== EXERCISE ==
What is needed is a word-for-word copy of the lines below from the one with "Mobility – zajęcia, na" through the one with "GP Charge &", both included, with every picture left out.

== RECORDS FOR THIS EXERCISE ==
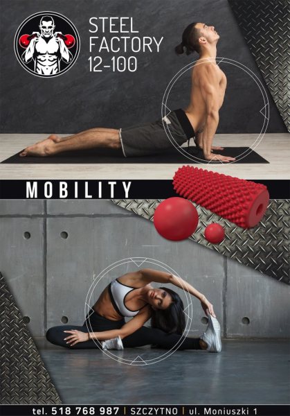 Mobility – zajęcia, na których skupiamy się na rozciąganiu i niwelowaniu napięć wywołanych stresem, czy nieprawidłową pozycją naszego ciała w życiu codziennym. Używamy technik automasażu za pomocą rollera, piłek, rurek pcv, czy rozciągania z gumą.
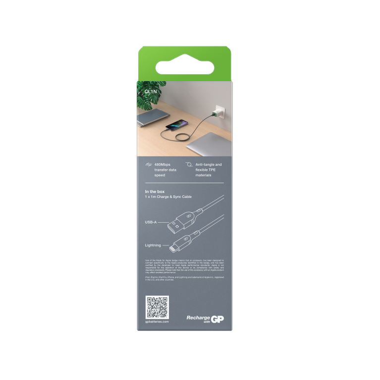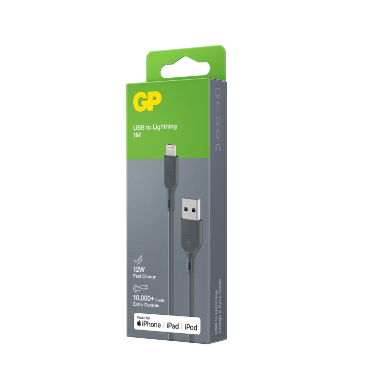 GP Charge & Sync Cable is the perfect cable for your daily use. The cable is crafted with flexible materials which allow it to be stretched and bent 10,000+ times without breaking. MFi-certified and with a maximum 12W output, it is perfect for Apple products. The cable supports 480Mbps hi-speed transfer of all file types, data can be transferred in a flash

* * *

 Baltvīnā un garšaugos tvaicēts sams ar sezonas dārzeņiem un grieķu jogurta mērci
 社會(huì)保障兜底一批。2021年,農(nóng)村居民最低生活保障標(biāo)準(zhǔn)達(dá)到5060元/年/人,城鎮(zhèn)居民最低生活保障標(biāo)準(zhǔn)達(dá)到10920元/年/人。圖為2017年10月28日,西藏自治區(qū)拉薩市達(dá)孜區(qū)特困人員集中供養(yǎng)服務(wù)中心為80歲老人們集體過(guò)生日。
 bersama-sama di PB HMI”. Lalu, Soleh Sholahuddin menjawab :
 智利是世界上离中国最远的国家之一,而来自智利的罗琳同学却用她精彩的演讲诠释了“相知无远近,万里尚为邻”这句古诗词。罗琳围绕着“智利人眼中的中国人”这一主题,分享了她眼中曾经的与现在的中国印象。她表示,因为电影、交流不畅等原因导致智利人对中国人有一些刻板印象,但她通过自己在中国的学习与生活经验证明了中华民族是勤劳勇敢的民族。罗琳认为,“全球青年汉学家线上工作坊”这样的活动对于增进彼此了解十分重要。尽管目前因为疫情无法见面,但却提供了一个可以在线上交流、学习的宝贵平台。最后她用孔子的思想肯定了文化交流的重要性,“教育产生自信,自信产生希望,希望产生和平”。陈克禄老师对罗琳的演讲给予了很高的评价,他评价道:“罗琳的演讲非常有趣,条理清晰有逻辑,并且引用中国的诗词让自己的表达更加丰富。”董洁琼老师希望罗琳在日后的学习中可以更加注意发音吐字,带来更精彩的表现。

== EXERCISE OUTPUT ==
 Mobility – zajęcia, na których skupiamy się na rozciąganiu i niwelowaniu napięć wywołanych stresem, czy nieprawidłową pozycją naszego ciała w życiu codziennym. Używamy technik automasażu za pomocą rollera, piłek, rurek pcv, czy rozciągania z gumą.
 GP Charge & Sync Cable is the perfect cable for your daily use. The cable is crafted with flexible materials which allow it to be stretched and bent 10,000+ times without breaking. MFi-certified and with a maximum 12W output, it is perfect for Apple products. The cable supports 480Mbps hi-speed transfer of all file types, data can be transferred in a flash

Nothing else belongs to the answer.